#### [PROVIDED DATA]
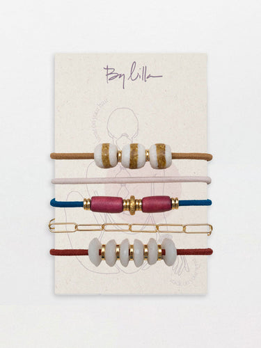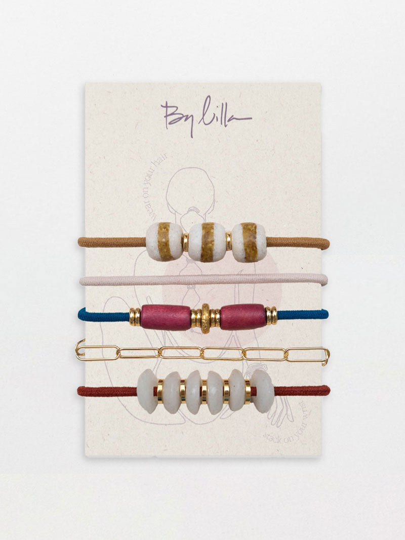 The SPEAKEASY set pairs earthy neutrals with rich pops of color and gleaming gold accents. Featuring a mix of striped ceramic beads, smooth ivory discs, deep berry and magenta tones, plus a sleek gold paperclip chain, each elastic is handcrafted to transition effortlessly from wrist stack to functional hair tie.
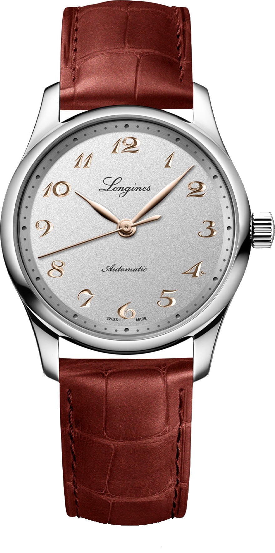 Bộ sưu tập Longines Master đại diện cho đỉnh cao của nghệ thuật chế tác đồng hồ và sự thanh lịch vượt thời gian. Dòng sản phẩm mang tính biểu tượng này bao gồm nhiều mẫu được chế tác tỉ mỉ, mỗi mẫu đều thể hiện cam kết vững chắc của Longines đối với phong cách bền bỉ và sự xuất sắc về mặt kỹ thuật. Từ sự đơn giản cổ điển của mặt số đến những chuyển động cơ học phức tạp bên trong, mọi chi tiết đều toát lên vẻ sang trọng tinh tế. Được trang trí bằng những chức năng phức tạp hay thiết kế thanh lịch, bóng bẩy, những chiếc đồng hồ này là minh chứng cho di sản và chuyên môn chế tác đồng hồ của Longines. Hình dạng: Tròn Chất liệu: Thép không gỉ. Mặt kính sapphire chống xước với nhiều lớp chống phản quang ở cả hai mặt. Kích thước: 34,00 mm. Khoảng cách từ vấu này đến vấu kia: 18 mm. Khoảng cách từ vấu này đến vấu kia: 41,70 mm. Độ dày: 9,20 mm. Khả năng chống nước ở độ sâu 3 bar. Trọng lượng: 54,9 g. Màu mặt số: Bạc. Vòng giờ: Chữ số Ả Rập được khắc. Kim: Hồng. Loại chuyển động: Tự động. Bộ máy L888. Bộ máy cơ tự động, tần số dao động khoảng 25.200 lần/giờ và dự trữ năng lượng 72 giờ, với dây tóc silicon đơn tinh thể. Dây đeo bằng da cá sấu. Màu sắc: Đỏ. Khóa: Khóa gập an toàn ba nấc và cơ chế mở bằng nút bấm.
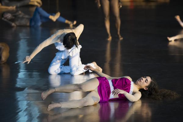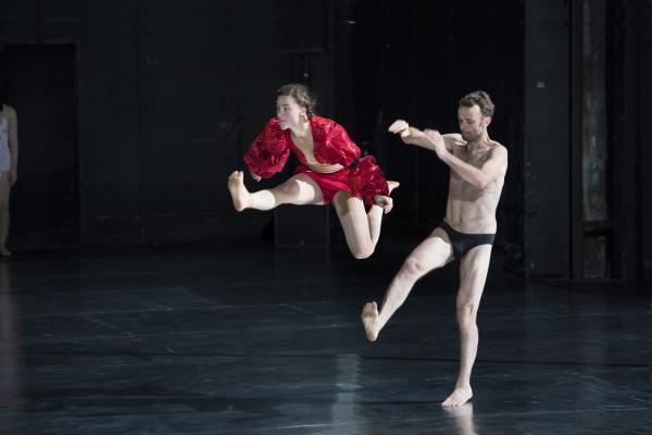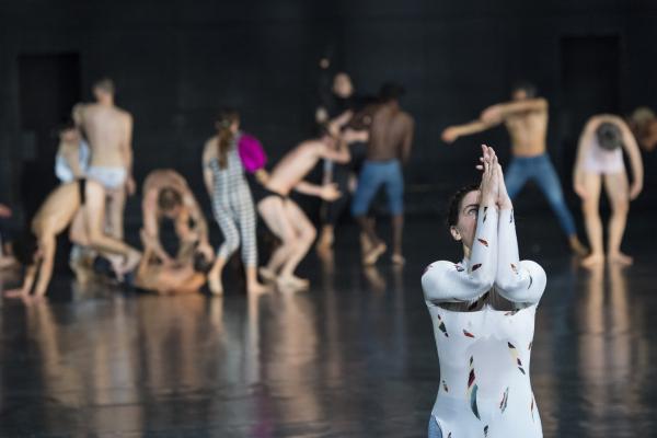 Est-on suspendu, en haleine, au long solo introductif d'une danseuse presque démantibulée, que s'abat soudain le précipité en nuée, de la totalité de l'effectif restant. Soit une figure très consommée dans la période, déclinée dans toute une belle palette de variations, aussi bien par l'Ouramdane de Tenir le temps que l'Olivier Dubois d'Auguri, voire l'Emanuel Gat de Sunny. Et tout au long de la pièce, on lira les effets de maîtrise de séquençages rythmiques ici, coagulations de groupes là, magnifiques taversées tourbillonnantes ailleurs, et discrets surgissements d'icônes polarisant l'attention, et patientes contaminations chorales.

#### [TASK BRIEF]
Only the text of the listing should be returned, exactly and in full; no image goes into the copy.

#### [ANSWER BOX]
 The SPEAKEASY set pairs earthy neutrals with rich pops of color and gleaming gold accents. Featuring a mix of striped ceramic beads, smooth ivory discs, deep berry and magenta tones, plus a sleek gold paperclip chain, each elastic is handcrafted to transition effortlessly from wrist stack to functional hair tie.
 Bộ sưu tập Longines Master đại diện cho đỉnh cao của nghệ thuật chế tác đồng hồ và sự thanh lịch vượt thời gian. Dòng sản phẩm mang tính biểu tượng này bao gồm nhiều mẫu được chế tác tỉ mỉ, mỗi mẫu đều thể hiện cam kết vững chắc của Longines đối với phong cách bền bỉ và sự xuất sắc về mặt kỹ thuật. Từ sự đơn giản cổ điển của mặt số đến những chuyển động cơ học phức tạp bên trong, mọi chi tiết đều toát lên vẻ sang trọng tinh tế. Được trang trí bằng những chức năng phức tạp hay thiết kế thanh lịch, bóng bẩy, những chiếc đồng hồ này là minh chứng cho di sản và chuyên môn chế tác đồng hồ của Longines. Hình dạng: Tròn Chất liệu: Thép không gỉ. Mặt kính sapphire chống xước với nhiều lớp chống phản quang ở cả hai mặt. Kích thước: 34,00 mm. Khoảng cách từ vấu này đến vấu kia: 18 mm. Khoảng cách từ vấu này đến vấu kia: 41,70 mm. Độ dày: 9,20 mm. Khả năng chống nước ở độ sâu 3 bar. Trọng lượng: 54,9 g. Màu mặt số: Bạc. Vòng giờ: Chữ số Ả Rập được khắc. Kim: Hồng. Loại chuyển động: Tự động. Bộ máy L888. Bộ máy cơ tự động, tần số dao động khoảng 25.200 lần/giờ và dự trữ năng lượng 72 giờ, với dây tóc silicon đơn tinh thể. Dây đeo bằng da cá sấu. Màu sắc: Đỏ. Khóa: Khóa gập an toàn ba nấc và cơ chế mở bằng nút bấm.
 Est-on suspendu, en haleine, au long solo introductif d'une danseuse presque démantibulée, que s'abat soudain le précipité en nuée, de la totalité de l'effectif restant. Soit une figure très consommée dans la période, déclinée dans toute une belle palette de variations, aussi bien par l'Ouramdane de Tenir le temps que l'Olivier Dubois d'Auguri, voire l'Emanuel Gat de Sunny. Et tout au long de la pièce, on lira les effets de maîtrise de séquençages rythmiques ici, coagulations de groupes là, magnifiques taversées tourbillonnantes ailleurs, et discrets surgissements d'icônes polarisant l'attention, et patientes contaminations chorales.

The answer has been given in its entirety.